Running the program on the host CPU works nice, but they don’t run when I try it on the BF-3 ARM SoC.
Platform / software
What I have tried
ulimit unlimited
Tried export UCX_IB_MLX5_DEVX_UAR=n, export UCX_IB_MLX5_DEVX=n
Checked RDMA sanity
Failure log
mpirun -np 2 ./doca_dpa_all_to_all
[2026-01-26 05:03:53:920797][2667169888][DOCA][INF][doca_log.cpp:633] DOCA version 3.2.1025
[2026-01-26 05:03:53:922579][903727200][DOCA][INF][doca_log.cpp:633] DOCA version 3.2.1025
[1769403834.150458] [localhost:1925108:0] ib_iface.c:1315 UCX ERROR mlx5_2: iface 0xb76343ef3500 failed to create UD QP TX wr:256 sge:6 inl:64 resp:0 RX wr:4096 sge:1 resp:0 failed: Cannot allocate memory
[1769403834.151192] [localhost:1925108:0] ucp_worker.c:1415 UCX ERROR uct_iface_open(ud_verbs/mlx5_2:1) failed: Input/output error
[localhost.localdomain:1925108] pml_ucx.c:314 Error: Failed to create UCP worker
[1769403834.166861] [localhost:1925107:0] ib_iface.c:1363 UCX ERROR mlx5_2: ibv_create_cq(cqe=256) failed: Invalid argument
[1769403834.166945] [localhost:1925107:0] ucp_worker.c:1415 UCX ERROR uct_iface_open(ud_verbs/mlx5_2:1) failed: Input/output error
[localhost.localdomain:1925107] pml_ucx.c:314 Error: Failed to create UCP worker
xyin
February 5, 2026, 3:18am
2
Hi dragonj5290
Since you have tried to disable the DEVX, can you also try to ensure the ulimit take effect?
export UCX_IB_MLX5_DEVX=n
export UCX_IB_MLX5_DEVX_UAR=n
ulimit -l unlimited
you can also run ulimit -l to check whether it’s unlimited and run mpirun again.

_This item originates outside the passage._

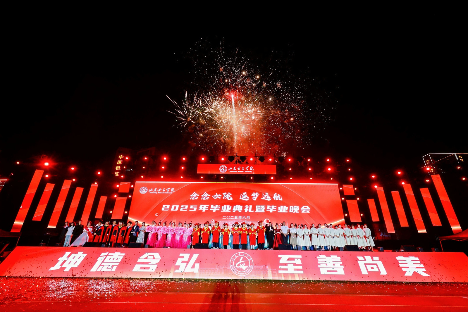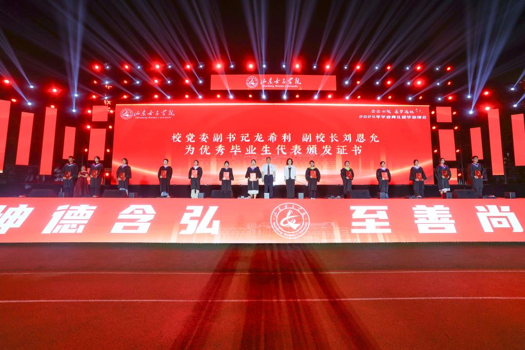 盛夏蝉鸣季,青春远航时。6月26日晚,山东女子学院2025年毕业典礼暨毕业晚会在学校田径场隆重举行。全体在校校领导出席典礼,学校各部门、单位党政主要负责人、全体辅导员及毕业班班主任、教职工代表、家长代表、校友代表及2025届全体毕业生参加典礼。

if you still encounter a failing run, check below log
dmesg | egrep -i 'mlx5_cmd_check|ALLOC_UAR|limits exceeded|Cannot allocate memory' | tail -n 50
if you can see messages such as limits exceeded/ALLOC_URA failed, it can clearly indicate HCA side UAR resource exhaustion, then you can consider modifying the URA-related configuration by mlxconfig command.
regards
xyin
Thank you for your answer.
However, I have tried them only to run into the exact same error as before.
Strangely, dmesg command showed nothing even with the sudo.
xyin
February 9, 2026, 6:56am
4
Hey Dragonj5290
Thanks for the update,
for ensuring the ulimit takes effect, can you check whether mpirun has applied the change?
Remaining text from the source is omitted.